Spooky Plays for Halloween!

Let your spooky-side take center stage this October with some of the scarier scripts PNA offers! Click on each title for complete details about each script.


children’s book series written by Deborah Howe and James Howe

A dancing cat, a howling dog, and a vampire bunny. The perfect pet combination for any family. It’s a dark and stormy night and Chester (the family cat) and Harold (the family dog) sit waiting for their owners to return home from the movies. Chester and Harold are more than just pets, they’re good friends too. When the Monroes finally get home, they come bearing a surprise: they’ve found a bunny in the movie theater. But this is no ordinary rabbit… this is the extraordinary Bunnicula. When the family’s produce starts losing its juice, Chester thinks he knows what’s causing the fantastic phenomenon. Bunnicula is a vampire! Or maybe Chester’s imagination is getting the better of him.
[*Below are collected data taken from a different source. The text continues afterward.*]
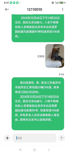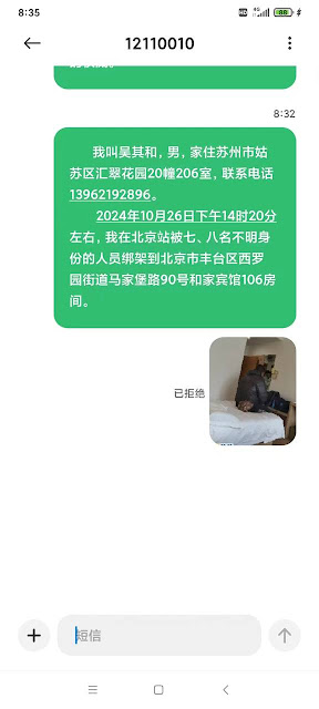 (维权网信息中心报道)20241028日,本网获悉:江苏苏州人权捍卫者吴其和在20241026日下午1420分左右在北京站被七、八名不明身份的人员绑架到北京市丰台区西罗园街道马家堡路90号院和家宾馆洋桥店106房间。到第二天早上为止,长期在吴其和租住屋楼下非法跟踪盯睄吴其和的地痞流氓一直在106房间非法看管吴其和。早上吴其和家属报警,北京派出所民警到现场核实,告知家属,吴其和是被苏州的公安接访,已登记证件,吴其和人在苏E112A的警车上,之后吴其和手机一直处于关机状态,无法联系上。
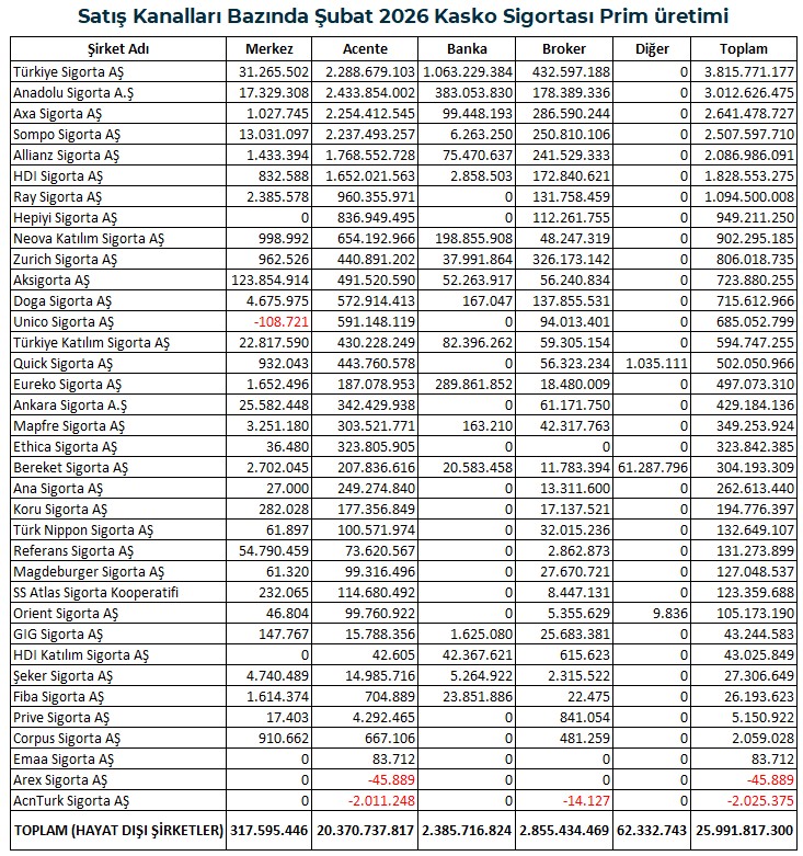 Şubat 2026 ayı itibarıyla 25 milyar 991 milyon TL olan Kasko sigortası prim üretiminin 20 milyar 371 milyon TL’sini Sigorta Acenteleri, 2 milyar 855 milyon TL’sini Sigorta Brokerleri, 2 milyar 385 milyon TL’sini ise Bankalar üretmiş. Diğer taraftan şirket merkez üretimi ise 317 milyon TL olarak gerçekleşmiştir. Diğer satış kanalında ise 62 milyon TL prim üretimi olmuştur.
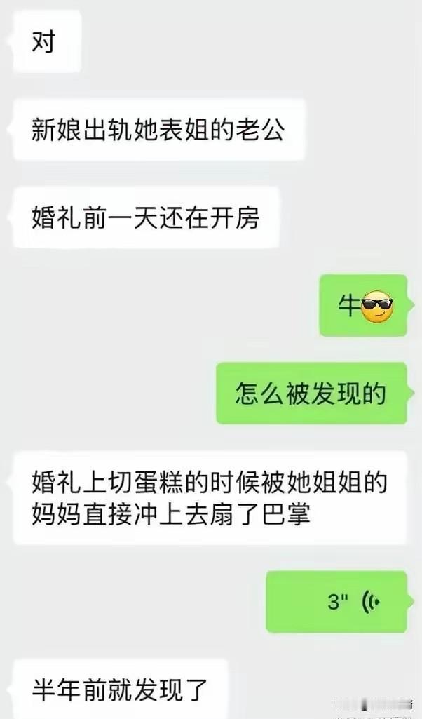是的,只不过这新娘狠了点,出轨对象是表姐夫,这情况被发现。一般人都忍不住
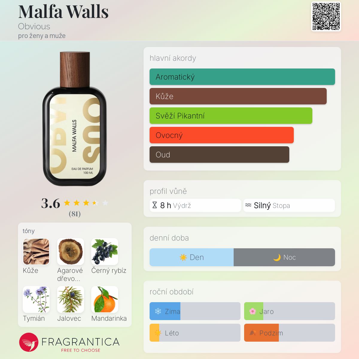 Malfa Walls podle Obvious je Orientální vůně pro ženy a muže. Toto je nová vůně. Malfa Walls byl/a uveden/a v roce 2024. "Nosem" za touto vůní je Julien Rasquinet. Vrchní tóny jsou Černý rybíz, Tymián, Sicilská mandarinka, Sicilský pomeranč a Pomeranč; střední tóny jsouKadidlo a Šalvěj ; základní tóny jsou Kůže, Agarové dřevo (oud) a Jalovec.
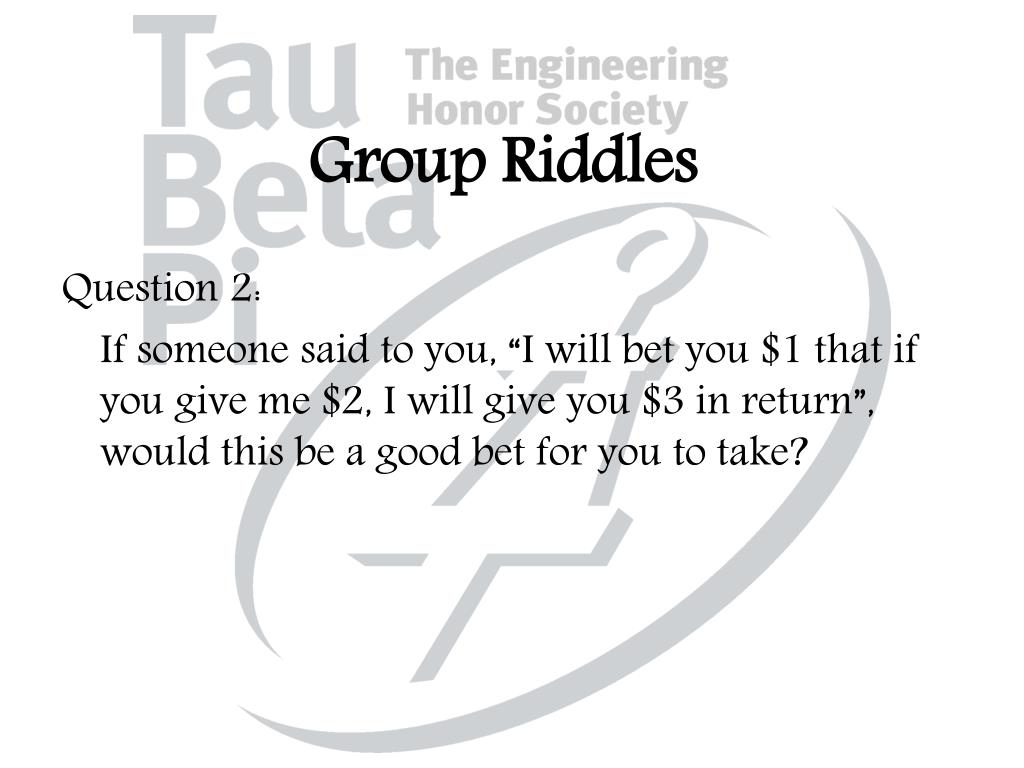 Group Riddles Question 2: If someone said to you, “I will bet you $1 that if you give me $2, I will give you $3 in return”, would this be a good bet for you to take? Answer: No. This is a situation where you lose even if you win. The other person could take your $2 and say, “I lose”, and give you $1 in return. You win the bet, but lose $1.

Singing and dancing their way through this hilarious mystery, the furry friends find room in their hearts, and in their home, for one very unique bunny.


Harriet’s Halloween Candy 

From the book by Nancy Carlson

Harriet loves Halloween. She loves dressing up; she loves hanging out with her friends; and she loves getting all that delicious, gooey, chewy, chocolaty sweet candy. What she does not love is having to share with her baby brother, Walter, even when her parents make her. Once back from her trick-or-treating, the very important sorting process begins. In theory, this is when Harriet will decide which of her treasures she will bestow on her brother. Licorice whips? Nougat bars? Marshmallow puffs? Tangy tarts? Chocolate drops? No!! They’re all too good to share. And they’re all hers. To keep her stash safe, Harriet tries hiding it, but what will she do when she has to go to school? Why, take it with her, of course. When her friends find out she’s been hoarding all the goodies for herself, they turn their backs on her selfish ways. Her obsession has landed her in a sticky mess. But with the help of her mother, Harriet proves that she knows nothing is sweeter than a true friend.

Dracula: Origins 

From the Seattle Children’s Theatre Drama School Summer Season. Photo by Chris Bennion.

Vlad, a prince of Transylvania, struggles to keep his poor, mountainous land free from the clutches of Bazajet, the cruel and conniving Sultan of the Ottoman Empire. When Vlad’s father, Drac (the Dragon) dies fighting in battle, Vlad becomes ruler of Transylvania. He is now known as Dracula (son of the dragon). Due to the clever intrigues of the Turkish Sultan, Vlad finds himself forced to accept single combat with Kudret ad-Hem, the great Turkish warrior who killed his father. Knowing he cannot defeat Kudret, he persuades his wife, Mircea, to lead him to a cave of witches. The witches grant him strength, supernatural abilities, and freedom from death, by transforming him into a nosferatu, an undead vampire. Armed with his newfound power, Vlad meets Kudret ad-Hem in combat. After Vlad wounds Kudret, his vampiric thirst for blood overpowers him and he bites open Kudret’s throat to drink his blood. Both Turks and Transylvanians flee in terror. Mircea rejects Vlad as a monster, and falls to her death when he tries to embrace her. As the play ends, Dracula is left isolated in the Transylvanian mountains, facing a lonely immortality, and the witches celebrate the evil they have let loose into the world.

The Monster Under the Bed 

Polka Theatre’s 2009 production of The Monster Under the Bed.

Ben has a BIG problem. His Mum is acting grumpy, his best friend Vince has stolen his precious binoculars and his Dad is far, far away…oh, and there’s a monster under the bed. But when Ben Swaps places with the under-bed monster, Ben’s life — and his school — is turned inside out, and upside down. A funny and thrilling play for children about friendship and facing up to your fears.


The Canterville Ghost 

For three centuries, the Canterville Ghost has been perfectly happy rattling chains, clanking armor and generally haunting Canterville. Enter the Otis family – Yankee upstarts with thoroughly modern ideas. Frightening these nonplussed American tenants proves to be not only infuriating but almost impossible for the temperamental British ghost. Yet, through the courageous friendship of one of the young Otis children, the Canterville Ghost finally finds peace. Oscar Wilde’s tale is told with whimsical humor and charm.


A Murder of Crows

Inspired by the story of Hansel and Gretel, A Murder of Crows explores the themes of famine, family loyalties and survival. Six actors weave a gothic story of the journey of two children navigating fear and abandonment, from the squawking perspective of a group of boisterous crows.